**TASK BRIEF**
Return a copy of every line in the data below that contains "eine".
** Opening INPUT DATA block **
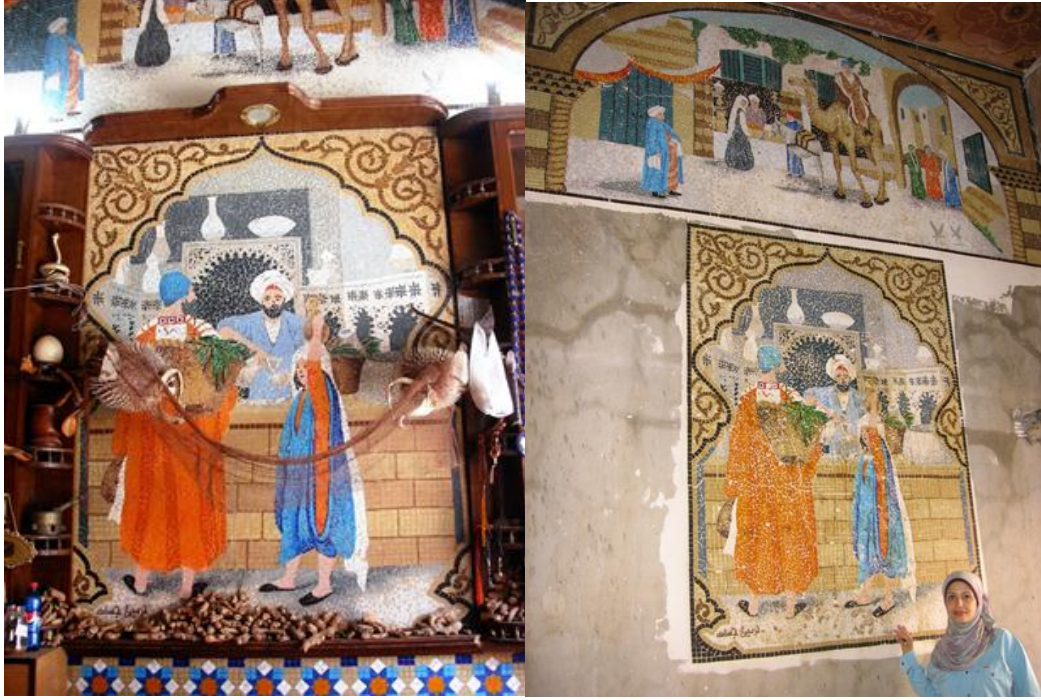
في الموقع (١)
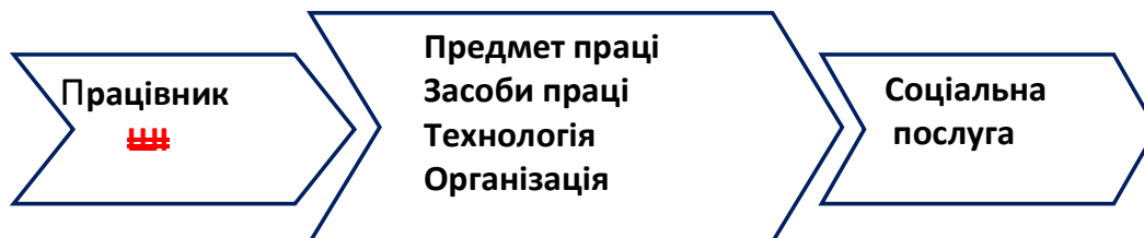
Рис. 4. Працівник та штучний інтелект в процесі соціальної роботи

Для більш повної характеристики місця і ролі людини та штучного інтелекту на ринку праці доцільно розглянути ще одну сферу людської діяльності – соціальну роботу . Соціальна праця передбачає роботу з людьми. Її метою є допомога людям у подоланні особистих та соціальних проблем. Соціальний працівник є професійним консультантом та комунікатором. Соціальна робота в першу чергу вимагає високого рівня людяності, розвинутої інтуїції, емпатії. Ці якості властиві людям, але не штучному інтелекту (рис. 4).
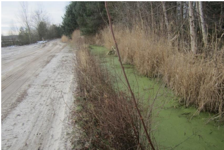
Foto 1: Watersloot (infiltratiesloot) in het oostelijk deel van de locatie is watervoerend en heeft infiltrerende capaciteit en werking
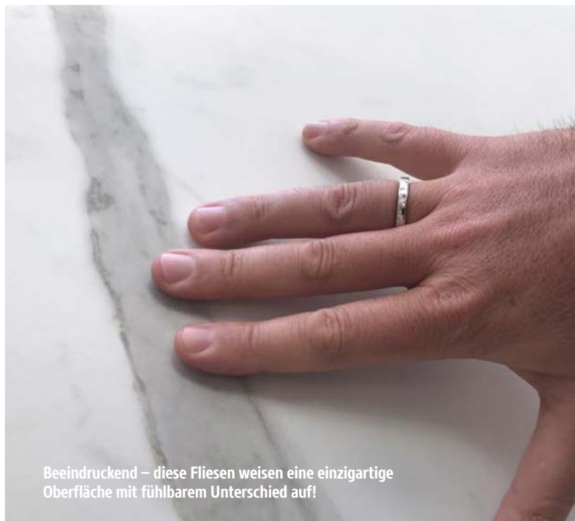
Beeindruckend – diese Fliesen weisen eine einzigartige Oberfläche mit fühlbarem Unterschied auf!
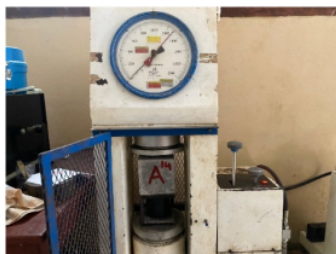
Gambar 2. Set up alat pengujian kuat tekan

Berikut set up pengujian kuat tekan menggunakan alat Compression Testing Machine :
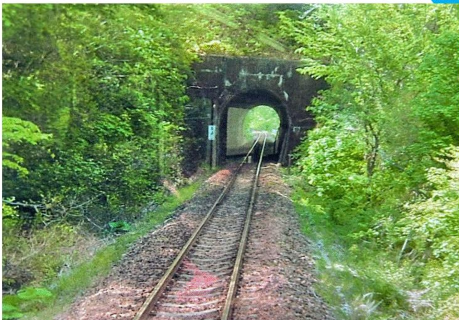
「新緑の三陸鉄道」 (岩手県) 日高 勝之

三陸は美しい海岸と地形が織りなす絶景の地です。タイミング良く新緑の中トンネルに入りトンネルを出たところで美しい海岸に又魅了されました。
** Closing INPUT DATA block **
** Opening INPUT DATA block **
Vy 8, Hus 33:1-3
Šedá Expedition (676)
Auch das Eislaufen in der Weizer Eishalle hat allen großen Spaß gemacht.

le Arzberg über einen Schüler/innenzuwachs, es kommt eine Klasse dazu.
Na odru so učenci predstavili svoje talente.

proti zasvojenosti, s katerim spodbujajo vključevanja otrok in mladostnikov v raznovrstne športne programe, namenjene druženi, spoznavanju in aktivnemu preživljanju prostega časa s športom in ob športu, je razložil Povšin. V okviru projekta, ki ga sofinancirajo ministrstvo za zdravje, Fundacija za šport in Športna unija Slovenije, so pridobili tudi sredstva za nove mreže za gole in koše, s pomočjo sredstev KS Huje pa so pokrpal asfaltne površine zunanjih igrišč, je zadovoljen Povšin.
** Closing INPUT DATA block **
**THE ANSWER**
Beeindruckend – diese Fliesen weisen eine einzigartige Oberfläche mit fühlbarem Unterschied auf!
le Arzberg über einen Schüler/innenzuwachs, es kommt eine Klasse dazu.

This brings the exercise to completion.